Im Land des Lächelns: "Der Freischütz" feiert Premiere auf der Felsenbühne Rathen
Von Lutz Stordel
Rathen - Die Premiere am Freitag, dem 23. Juni, musste schlechten Wetters wegen nach der Wolfsschluchtszene abgebrochen werden. Einen Tag später ging alles klar, die Neuinszenierung von Webers Oper "Der Freischütz" in Regie von Landesbühnen-Intendant Manuel Schöbel (62) auf der neuen Felsenbühne Rathen konnte durchgespielt werden.
Oper Open Air kann manches nicht sein: ein musikalisch filigranes Ereignis, das gibt der Ort nicht her.
Szenisches Experimentieren, dies erwartet das Publikum nicht.
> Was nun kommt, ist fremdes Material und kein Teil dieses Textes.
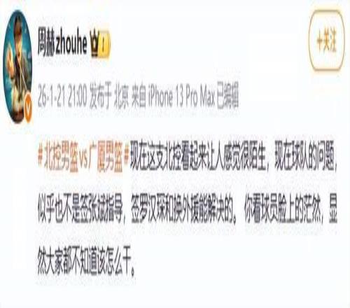 显然,人家已经看懂了,北控队的迷茫,已经摆在了明面上了。但是,张庆鹏却解决不了,即便不断从外部引人,可惜都白搭,或许,只有张庆鹏下课,才是最好的解题思路吧。
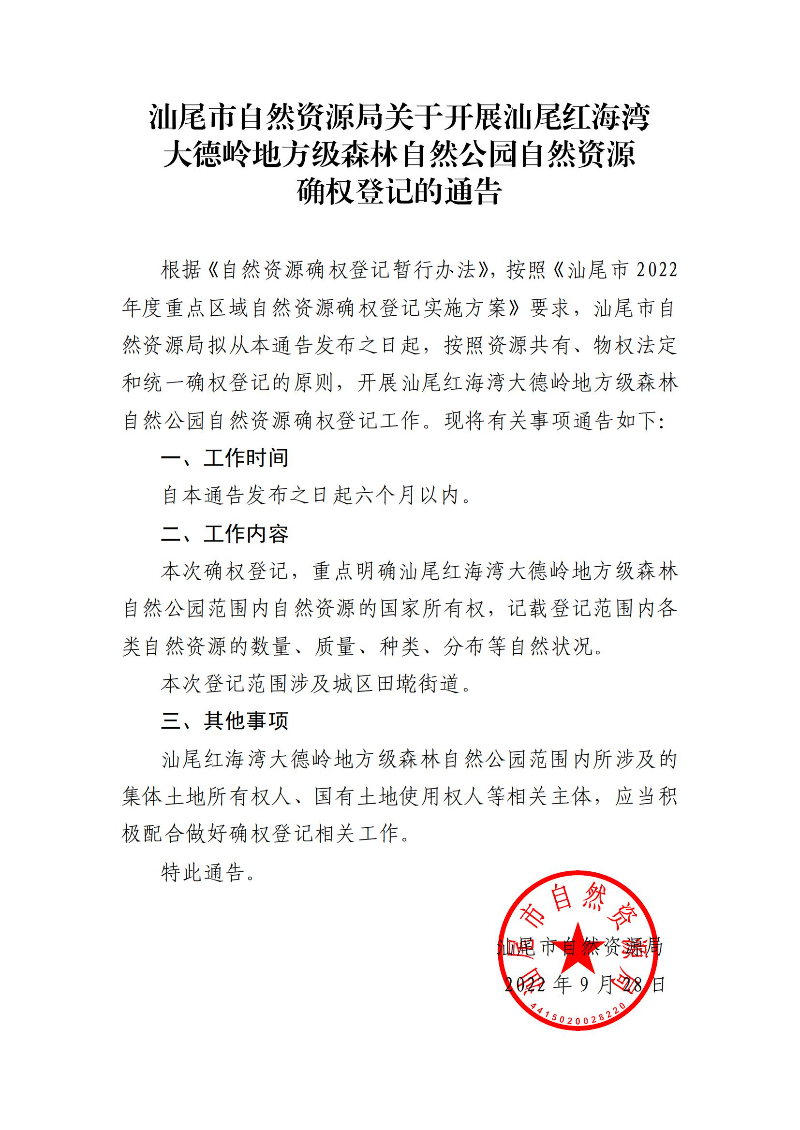 汕尾市自然资源局关于开展汕尾红海湾大德岭地方级森林自然公园自然资源确权登记的通告

Und wenn der Freischütz auf der Felsenbühne ballert, muss auch kein szenisches Feuerwerk herauskommen. Dass Webers Oper dann nahe an der Operette chargiert, aber auch nicht.
Was haben diese Brautjungfern nur Backstage genommen: Lachgas? Jedenfalls sind die Mädels eher vom "Land des Lächelns" hereingeschwebt.
Gute Miene zum bösen Spiel? Nein, Doppelbödigkeit ist nicht die Basis der neuen Freischütz-Produktion.
Szenischer Hingucker: der teuflische Samiel, verkleidet als "Edward mit den Scherenhänden", eskortiert von vier spinnenartigen Begleitern.
Und wann gab es bei Weber schon einmal Pferde? Effektvoll und bedrohlich eingesetzt in der Wolfsschluchtszene, wenn die befackelte Reiterin durch den Graben rast.
Die goldene Mitte?
Leider vergeht bis zur Wolfsschluchtszene über eine Stunde. Auf der Uhr. Gefühlt sind es mindestens drei.
Wenn die Dämmerung noch nicht eingesetzt hat, wenn Lichteffekte keine Chance haben - und das alberne Libretto von Friedrich Kind die Handlung bremst, dann zieht sich der Abend auf der kargen Bühne doch recht in die Länge.
Ok: Kuno hat einen Rollator, es gibt etwas derbe Gesten, aber Rathen ist nun auch kein Pilgerort für Freunde des Kammerspiels.
Wer weit weg von der Szene sitzt, muss schließlich auch noch etwas mitbekommen.
Die Wahl des Sitzplatzes: nicht unerheblich für das Theatererlebnis. In den rechten Blöcken stimmt weder Akustik noch Blickwinkel. Lieber mittige Plätze kaufen.
Und auf denen wird sie dann sichtbar, nach der Pause, die Theatermagie. Wenn die Kugeln gegossen werden.
„Freischütz“ in Rathen: Der abgeschaffte Probeschuss
Schon als Kind hat der Rezensent hier den "Freischütz" gesehen, in den Siebzigern des letzten Jahrhunderts.
Als Erinnerung ist nur diese Szene geblieben, und nur wegen dieser gehört Webers Oper zu Rathen. Und vielleicht überhaupt noch auf Spielpläne. Und diese Szene hat das Ensemble wieder gemeistert: rauchig, knallig, bunt. Einfach stark.
Aber vieles plätschert dahin, das Orchester ist mitunter leiser als die Bässe der Techno-Freaks, die in irgendeiner nahegelegenen Boofe auf Party geschaltet haben.
Selbst die Amseln mischen sich in manche Dialoge ein. Der Abend, wenig spannungsgeladen, mitunter etwas oberflächlich und harmoniesüchtig. Aber das Werk geht ja auch gut aus.
Der Probeschuss wird abgeschafft, eigentlich.
Aber Samiel und seine dienende Wirtin rekrutieren im Finale neue Spinnenwesen - was auch notwendig ist: "Der Freischütz" steht in dieser Saison noch sechsmal auf dem Spielplan.